Автохтоны — страница 41 из 51

У картины, изображающей школу философов в кратере Эратосфена, стояли по бокам вольные райдеры, держа в лапах жестянки с пивом.

– Упырь, – сказал он. – Мардук! Мое почтение!

– И ты здравствуй, брат, – сказал Мардук.

– Любуетесь?

– Так, любопытствуем, – сказал Упырь. – Хотя, честно говоря, колорит так себе. Не знаю, на что надеется твой друг Воробкевич, но это не раскрутишь. Разве что при помощи сопутствующей легенды, и то…

– Я бы сказал, Баволю не хватило божественного безумия, – сказал Мардук. – Недостаточно радикален. Умеренность хороша в привычках, но вредит искусству.

– Честно говоря, я ожидал большего, – сказал Упырь.

– Не Херст, – согласился он.

– Херст – просто ловкий менеджер, – сказал Мардук.

– Постдюшановский эпигон, – сказал Упырь.

– Если дорога в конце концов привела к Херсту, значит, дорожный инженер был мудак, – сказал Мардук. – Как полагаешь, брат?

– Скажите, а вы правда волк и волчица? – спросил он неожиданно для себя.

Упырь моргнул рыжими ресницами.

– А не твое собачье дело, брат, – сказал Упырь..

Воробкевич, наконец, отговорил свое и теперь направлялся к ним.
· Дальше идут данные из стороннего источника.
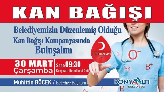 Konyaaltı Belediye Başkanı Muhittin Böcek, 29 Mart Çarşamba günü 13’üncüsünü düzenleyecekleri “Kan Bağışı Kampanyası” için vatandaşları duyarlı olmaya davet etti.
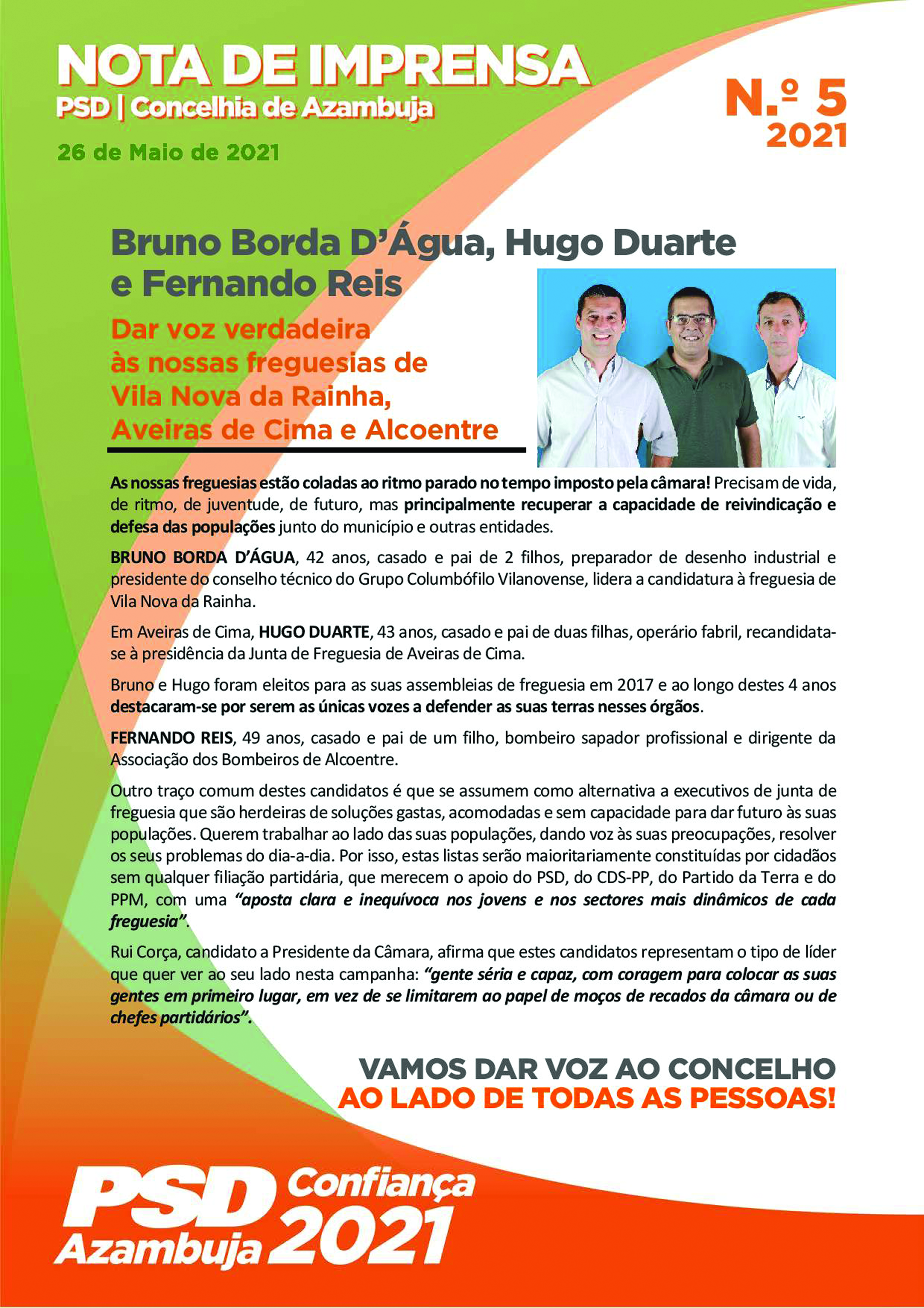 PSD apresenta escolhas Posted on 26/05/202115/10/2021 by admin O PSD/CDS de Azambuja, avançou com os seus candidatos a 3 juntas de freguesia. Saiba mais na nossa edição impressa.

По сравнению с роскошными вольными райдерами Воробкевич казался очень маленьким. Сквозь редкие серебристые волосы просвечивал череп.

– Ну… как вам? – спросил Воробкевич возбужденно.

– Впечатляет.

– Я сделал все, что мог, – сказал Воробкевич. – Все, что мог…

Руки Воробкевича при этом беспокойно двигались, словно бы ища что-то. Или стряхивая что-то. Воробкевич вообще не очень хорошо выглядел. Щеки обвисли мешочками, на скулах паутина кровеносных сосудов…

– Вас что-то тревожит? – спросил он тихо.

– Шпет… он опаздывает. – Воробкевич вновь суетливо пошевелил ручками. – Он должен был говорить на открытии. А уже пора открывать. А его нет.

– Так позвоните ему.

– Я звонил. Он не отвечает.

– Может, не слышит. На улице шумно.

– При чем тут улица? Я ему домой звонил!

– А на мобилу?

– У него нет мобилы! Зачем ему?

– Да, – сказал он, – действительно, зачем?

– Я больше не могу ждать. – Воробкевич нервно потер ладони. – Меня не поймут.

Воробкевич покрутил шеей, пытаясь устроить ее поудобней в крахмальном вороте рубахи. Кто сейчас носит такие рубашки?

Ножка у микрофона, стоявшего в центре фойе, оказалась высоковата, и Воробкевич выдернул микрофон из гнезда.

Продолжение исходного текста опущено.